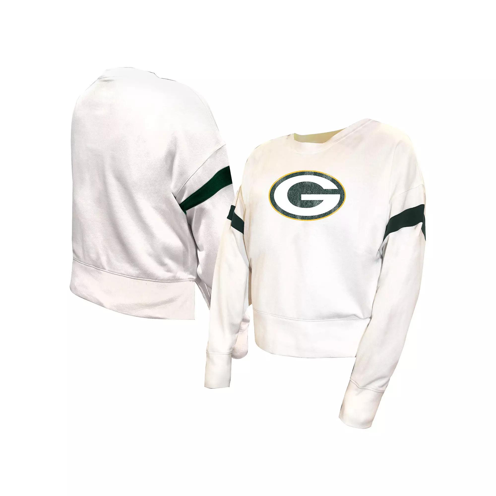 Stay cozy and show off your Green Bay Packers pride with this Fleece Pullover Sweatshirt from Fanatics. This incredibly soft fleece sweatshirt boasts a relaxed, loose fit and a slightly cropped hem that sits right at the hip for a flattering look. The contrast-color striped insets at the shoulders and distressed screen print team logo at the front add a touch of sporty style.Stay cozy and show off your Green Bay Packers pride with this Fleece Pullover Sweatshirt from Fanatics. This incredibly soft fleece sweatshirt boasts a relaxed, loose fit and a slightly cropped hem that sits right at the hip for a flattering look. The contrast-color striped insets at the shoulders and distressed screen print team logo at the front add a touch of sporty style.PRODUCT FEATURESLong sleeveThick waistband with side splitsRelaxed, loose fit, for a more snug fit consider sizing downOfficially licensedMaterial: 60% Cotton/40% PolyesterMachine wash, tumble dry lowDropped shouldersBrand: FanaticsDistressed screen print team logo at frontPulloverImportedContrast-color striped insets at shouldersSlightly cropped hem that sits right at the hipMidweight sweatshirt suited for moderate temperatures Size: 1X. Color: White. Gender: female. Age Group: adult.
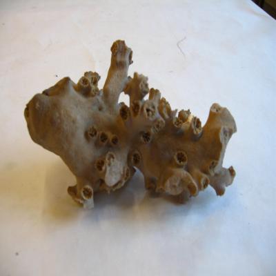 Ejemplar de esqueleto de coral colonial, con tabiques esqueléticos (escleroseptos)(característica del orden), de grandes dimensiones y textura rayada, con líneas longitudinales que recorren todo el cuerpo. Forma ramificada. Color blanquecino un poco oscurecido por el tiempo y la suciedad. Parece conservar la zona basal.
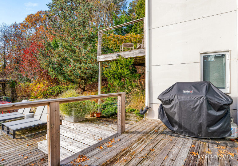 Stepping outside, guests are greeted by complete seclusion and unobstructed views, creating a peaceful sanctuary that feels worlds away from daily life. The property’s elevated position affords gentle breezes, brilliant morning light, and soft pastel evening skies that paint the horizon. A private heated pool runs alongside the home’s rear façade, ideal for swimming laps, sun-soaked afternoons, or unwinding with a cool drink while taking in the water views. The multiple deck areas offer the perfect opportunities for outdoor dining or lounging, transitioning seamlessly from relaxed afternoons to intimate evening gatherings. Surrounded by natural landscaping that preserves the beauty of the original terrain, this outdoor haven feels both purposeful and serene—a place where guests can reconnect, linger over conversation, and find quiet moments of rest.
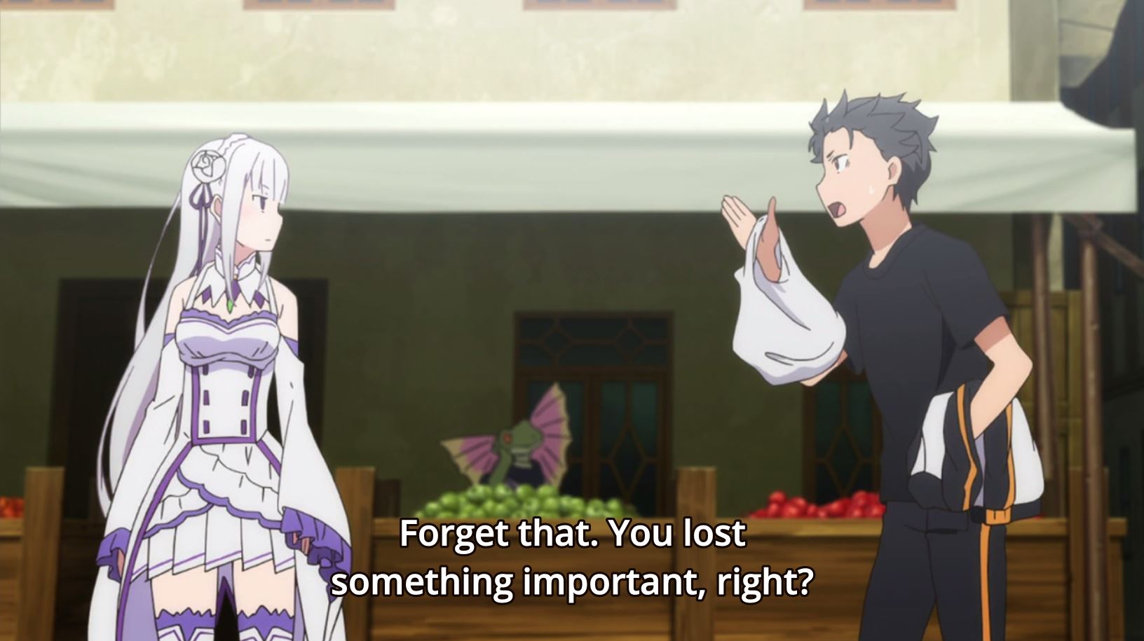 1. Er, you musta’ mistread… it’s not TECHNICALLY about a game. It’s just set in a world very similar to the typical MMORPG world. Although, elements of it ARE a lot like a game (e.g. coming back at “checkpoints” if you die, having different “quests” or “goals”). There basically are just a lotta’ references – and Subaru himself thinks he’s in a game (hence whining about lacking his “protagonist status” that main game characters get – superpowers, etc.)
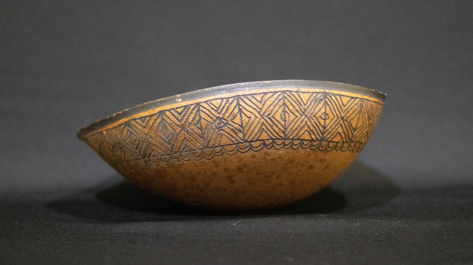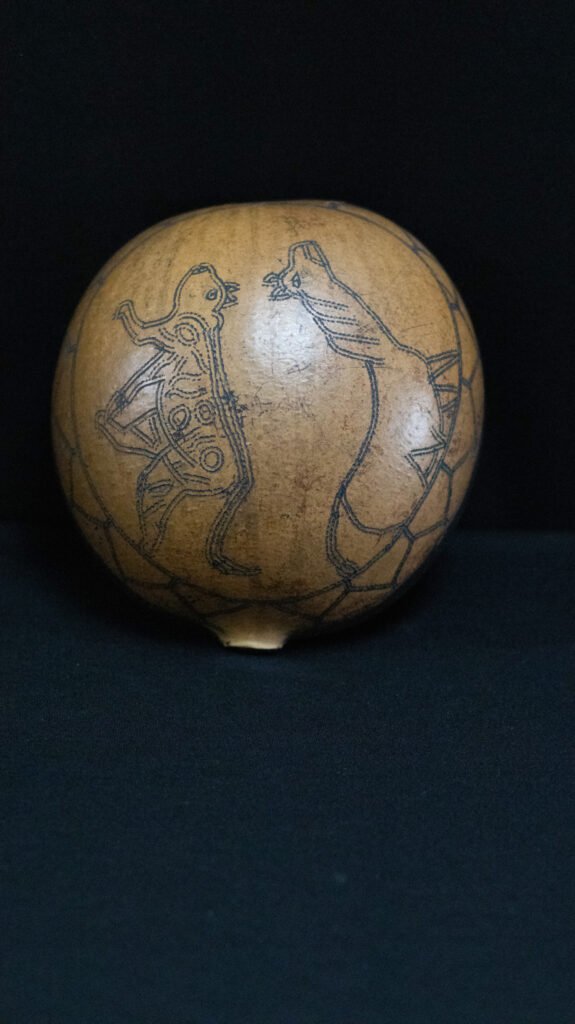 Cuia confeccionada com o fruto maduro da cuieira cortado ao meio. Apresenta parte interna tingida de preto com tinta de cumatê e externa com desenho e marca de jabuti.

* * *

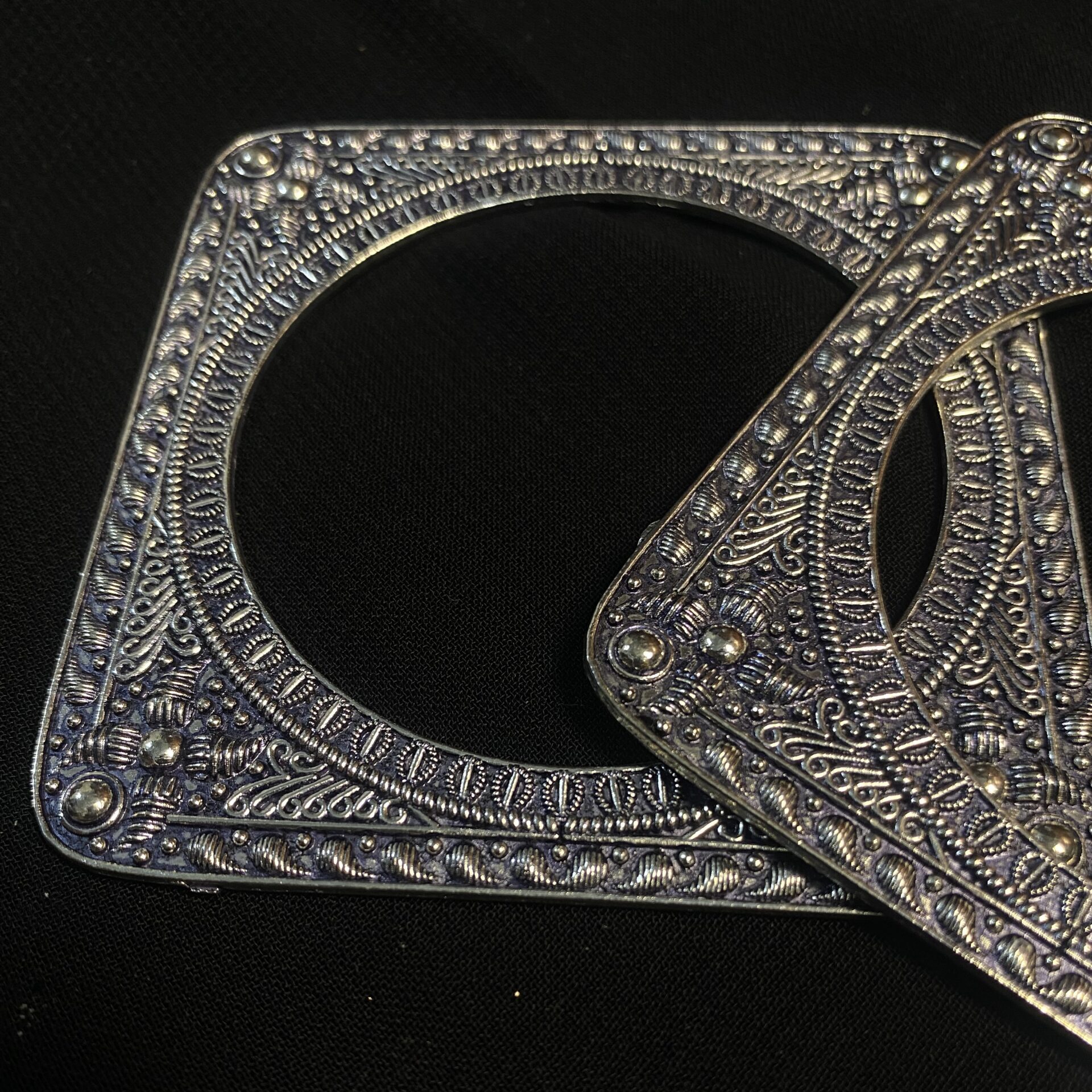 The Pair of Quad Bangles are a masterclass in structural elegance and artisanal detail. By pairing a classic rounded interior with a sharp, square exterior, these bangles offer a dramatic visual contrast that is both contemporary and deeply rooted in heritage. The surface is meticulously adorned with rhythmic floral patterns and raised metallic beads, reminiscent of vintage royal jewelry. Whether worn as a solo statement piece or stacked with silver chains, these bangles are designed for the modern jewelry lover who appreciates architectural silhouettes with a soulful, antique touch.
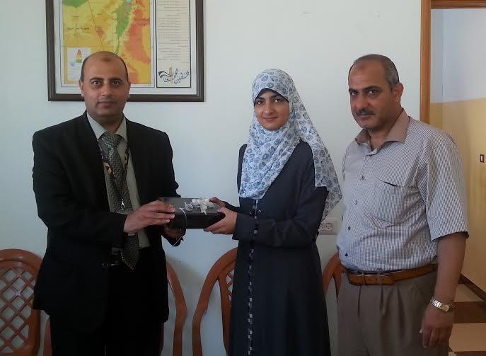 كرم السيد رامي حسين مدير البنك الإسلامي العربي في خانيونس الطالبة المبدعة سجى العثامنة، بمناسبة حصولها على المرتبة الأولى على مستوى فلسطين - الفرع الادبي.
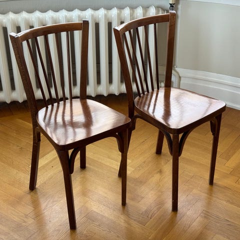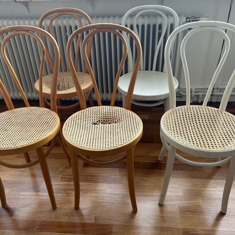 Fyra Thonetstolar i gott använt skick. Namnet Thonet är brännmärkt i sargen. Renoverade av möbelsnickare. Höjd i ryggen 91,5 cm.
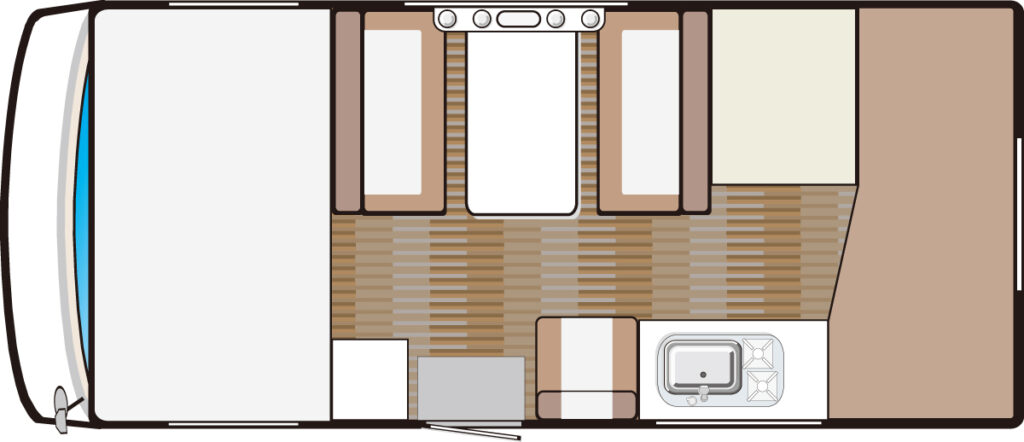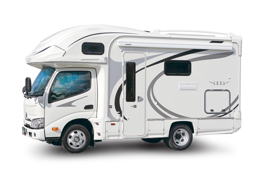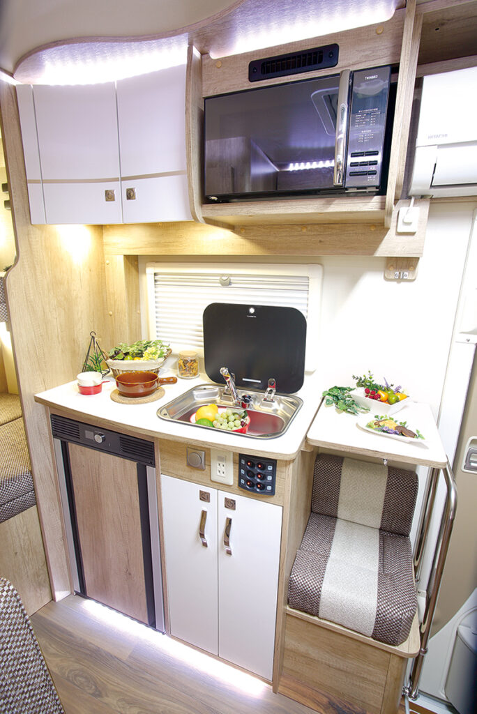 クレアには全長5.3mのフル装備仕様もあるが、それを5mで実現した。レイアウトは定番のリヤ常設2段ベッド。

→ Aim of the task
Working from the records above, set down word for word everything from the line containing "Stepping outside, guests" down to the line containing "Cuia confeccionada com", ends included, minus the pictures.

→ Task result
 Stepping outside, guests are greeted by complete seclusion and unobstructed views, creating a peaceful sanctuary that feels worlds away from daily life. The property’s elevated position affords gentle breezes, brilliant morning light, and soft pastel evening skies that paint the horizon. A private heated pool runs alongside the home’s rear façade, ideal for swimming laps, sun-soaked afternoons, or unwinding with a cool drink while taking in the water views. The multiple deck areas offer the perfect opportunities for outdoor dining or lounging, transitioning seamlessly from relaxed afternoons to intimate evening gatherings. Surrounded by natural landscaping that preserves the beauty of the original terrain, this outdoor haven feels both purposeful and serene—a place where guests can reconnect, linger over conversation, and find quiet moments of rest.
 1. Er, you musta’ mistread… it’s not TECHNICALLY about a game. It’s just set in a world very similar to the typical MMORPG world. Although, elements of it ARE a lot like a game (e.g. coming back at “checkpoints” if you die, having different “quests” or “goals”). There basically are just a lotta’ references – and Subaru himself thinks he’s in a game (hence whining about lacking his “protagonist status” that main game characters get – superpowers, etc.)
 Cuia confeccionada com o fruto maduro da cuieira cortado ao meio. Apresenta parte interna tingida de preto com tinta de cumatê e externa com desenho e marca de jabuti.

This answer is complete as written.